I have 2 physical servers in the same datacenter.. One of them is curently our production server.
The second server is curently not doing anything other than costing money..
What would you advise be in making the best of my curent situation?

At the moment we use a zfs differential backup scrip that send all backup to offsite server..
If I set the second server as replication/failover i guess I have no downtime if thing go wrong but I am not sure i fully understand the differences between failover,replication and load balancing..

My understanding is this:
*Failover:* if production server die, them server 2 kick in and take over with no down time
*replication*: Server 2 is a exact copy of the production server and could be use to replace production server
*Load Balancing:* Provide high availability and boost service delivery but not sure what happen if one of ther servers dies..
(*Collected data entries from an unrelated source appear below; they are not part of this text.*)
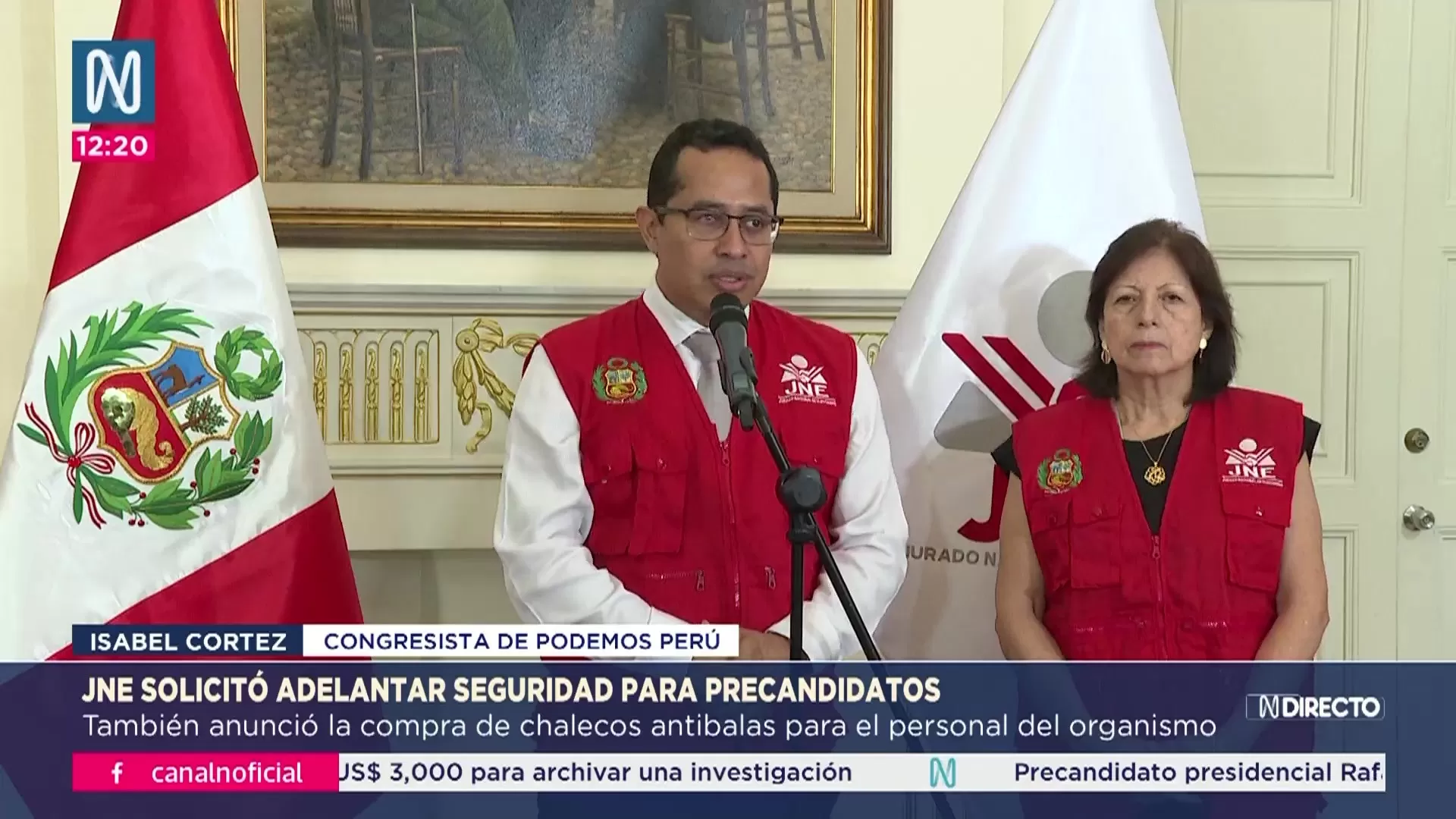 Como parte de las acciones de prevención interna, Burneo anunció que el Jurado Nacional de Elecciones está en proceso de adquirir chalecos antibalas para su personal, enfatizando que no se puede escatimar en medidas de protección.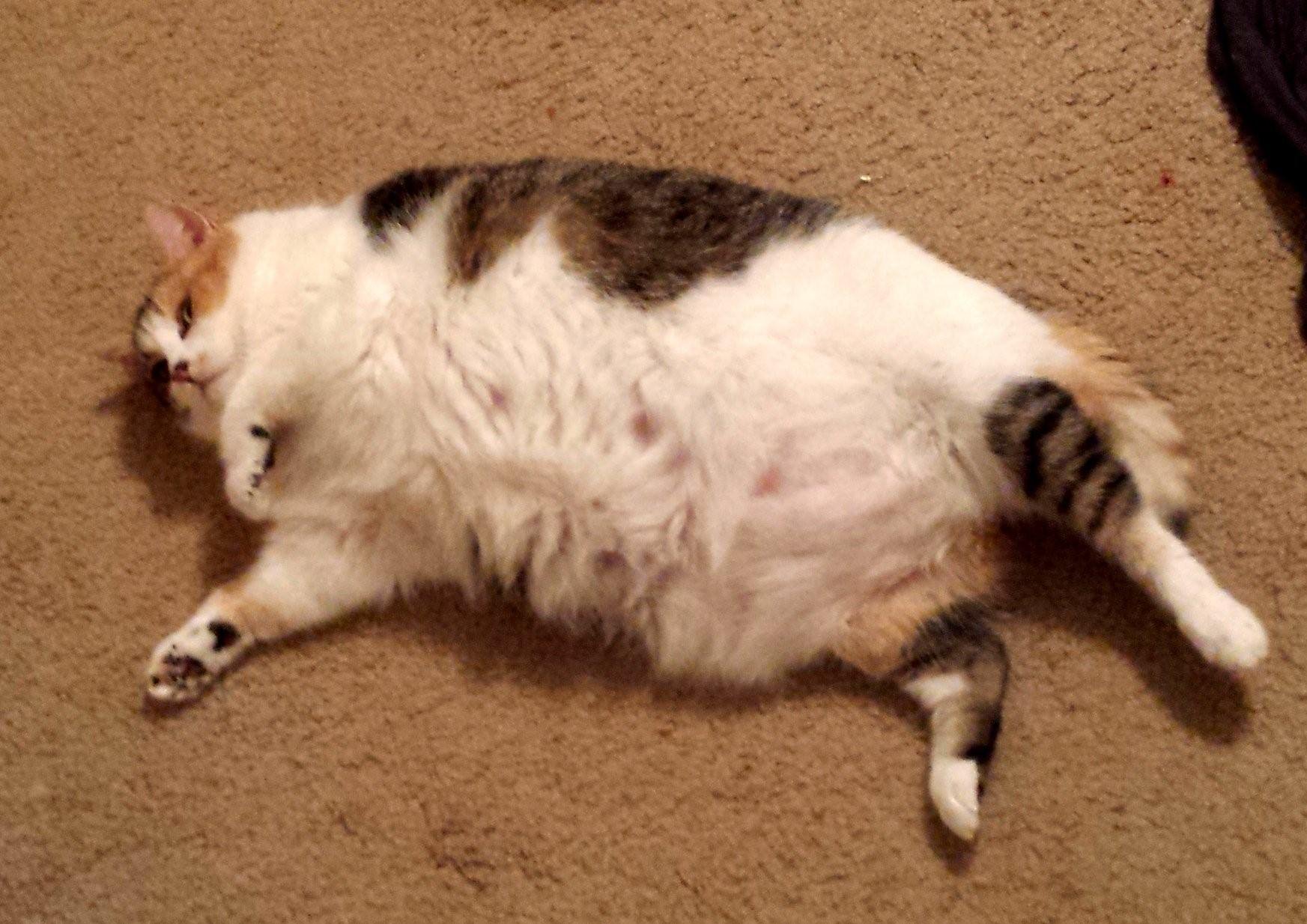 Толстый кот пузом кверху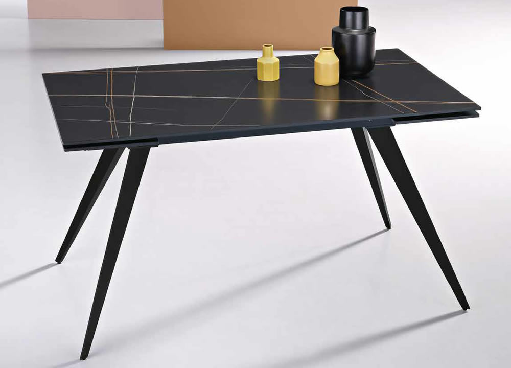 Tavolo con gambe inclinate in metallo verniciato e piano in pietra sinterizzata effetto marmo.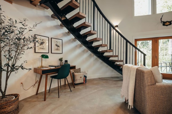 Эту часть пространства украшает изящная лестница с величественными изгибами и основательными ступенями, изготовленными из массива натурального дерева. Пространство под ней также задействовали. Вдоль закругленной стены установили рабочий стал, так что постояльцы, которым требуется постоянное участие в рабочих/организационных процессах или руководят бизнесом, имеют уединенный уголок.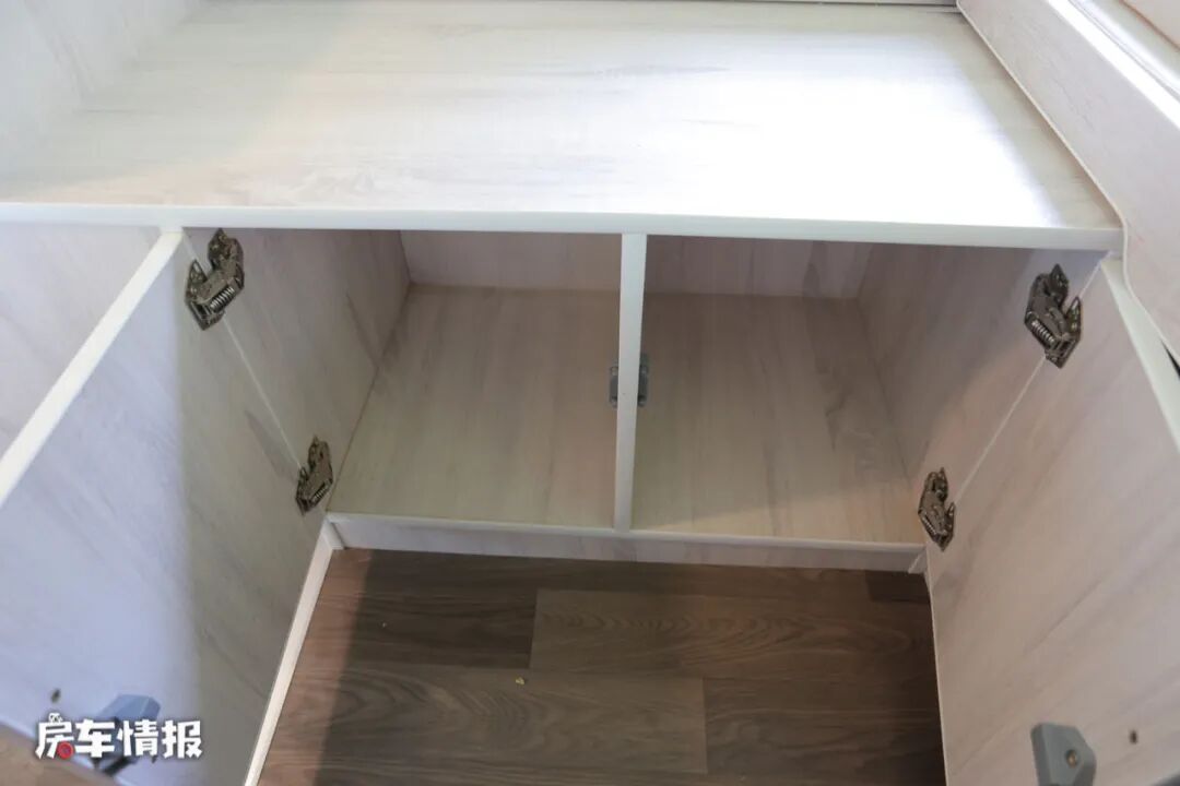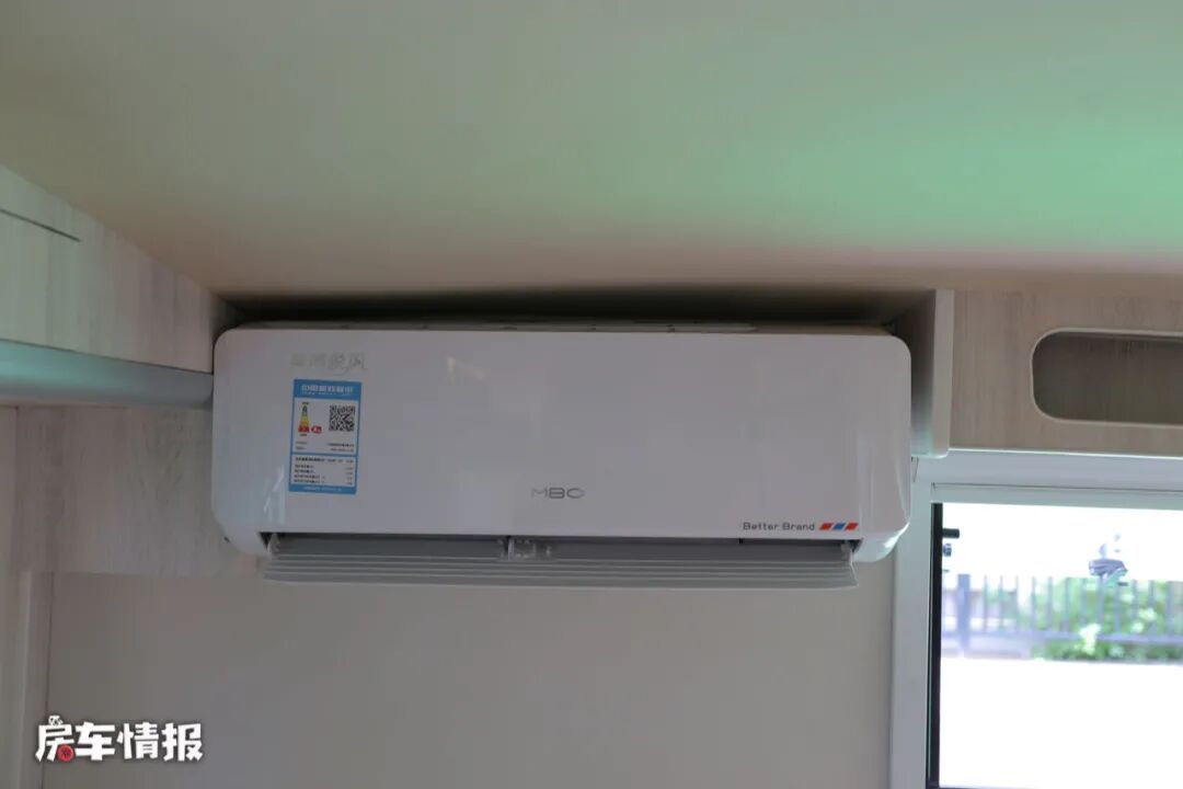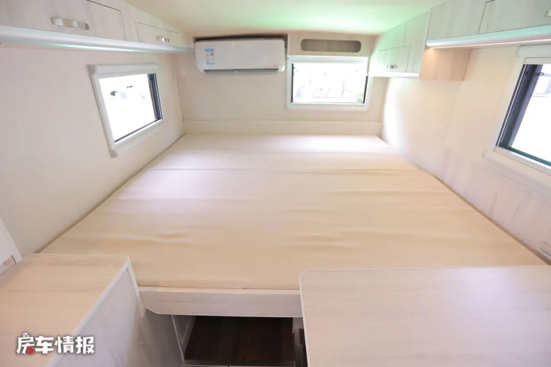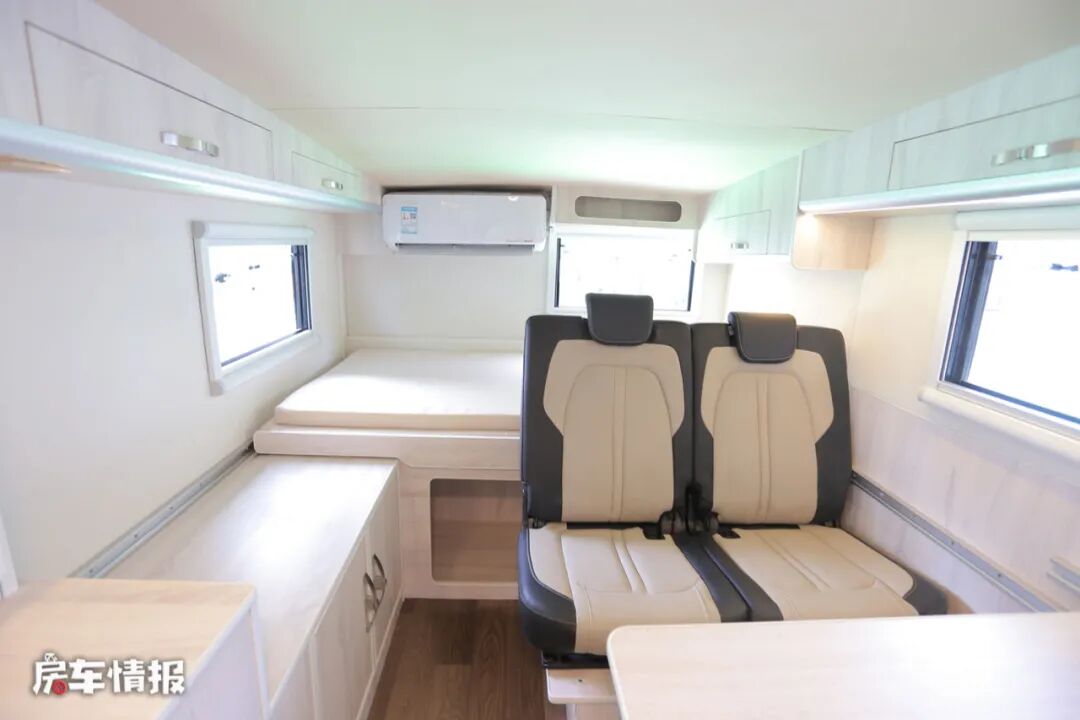 另外车厢两侧顶部都带有储物吊柜,可以存放一些平时的日常用品,尾部还带有一台家用变频空间,可以按需调节车内温度。

The production server host the following:
FreeBSD 11 host
  jail1: web reverse proxy
  jail2: email server
  Jail3: database server
  Jail4: NS1 (bind)
  Jail5-20: wordpress backend

Thank you in adavance


----------



## SirDice (Apr 26, 2017)

Load-balancing balances traffic to 2 or more hosts. If one of those hosts fails (or if it's taken offline) it will balance the traffic over the remaining hosts.


----------



## fred974 (Apr 26, 2017)

SirDice said:


> Load-balancing balances traffic to 2 or more hosts. If one of those hosts fails (or if it's taken offline) it will balance the traffic over the remaining hosts.


So if I get it correctly, Load-balancing will also do replication? Will the server need to be setup identically


----------



## _martin (Apr 26, 2017)

You can have actually all 3 on an application you want to support. Those are technologies that provide certain level of redundancy and try to eliminate SPOF (single point of failure).  Word application here can be various things: virtual machine, database, SAP, ... 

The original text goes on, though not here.